# Alternator Wiring



## hayes68gto (Jun 19, 2012)

This may be a stupid question, but the car was in pieces when I bought the car. I put on a new alternator. The existing wiring has 2 connectors, but nothing to the ground terminal. When I start the car, the generator light stays on. I wondered if I have to ground the alternator and if so...what is the best place? Any advice?


----------



## BearGFR (Aug 25, 2008)

The alternator ought to ground just fine through its housing to the brackets to the block.. etc.
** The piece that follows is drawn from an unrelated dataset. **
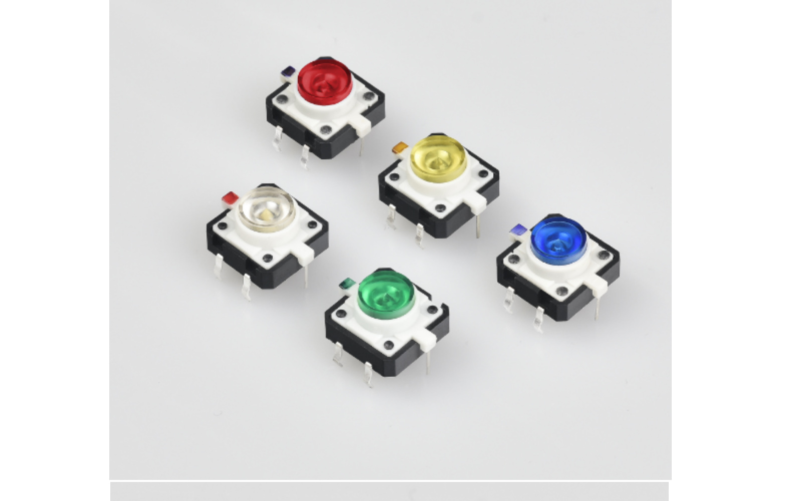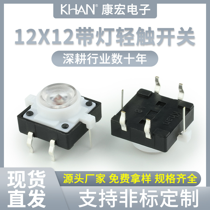 12*12带灯轻触开关透明手柄自复位翠绿灯白灯4脚插式微动按键开关

First things first. Find out if the light is lying to you. Get yourself an inexpensive digital multimeter if you don't already have one. Start the car, measure dc voltage at the battery terminals. If you've got 14.4 volts (or very close) then you know your alternator is charging and the light is lying to you. If you DON'T have at least 14 volts, then highly suspect you've got a bad alternator - take it up to your local big box parts store and have it tested. The circuit that turns the light on is in the voltage regulator, so the problem could be there. Also, check all your fuses, especially the one that goes to "accessories". On my 69, if that fuse blows all the gauges and everything will still work, but the alternator light will come on because with that fuse gone the power that comes off the alternator that's normally used to turn the light off will instead "back feed" through the panel and operate the gauges and lights but the feed from "the other side" that turns the light off can't get there (due to the blown fuse) so the light comes on. Figuring that one out was a real head-scratcher.

Bear.


----------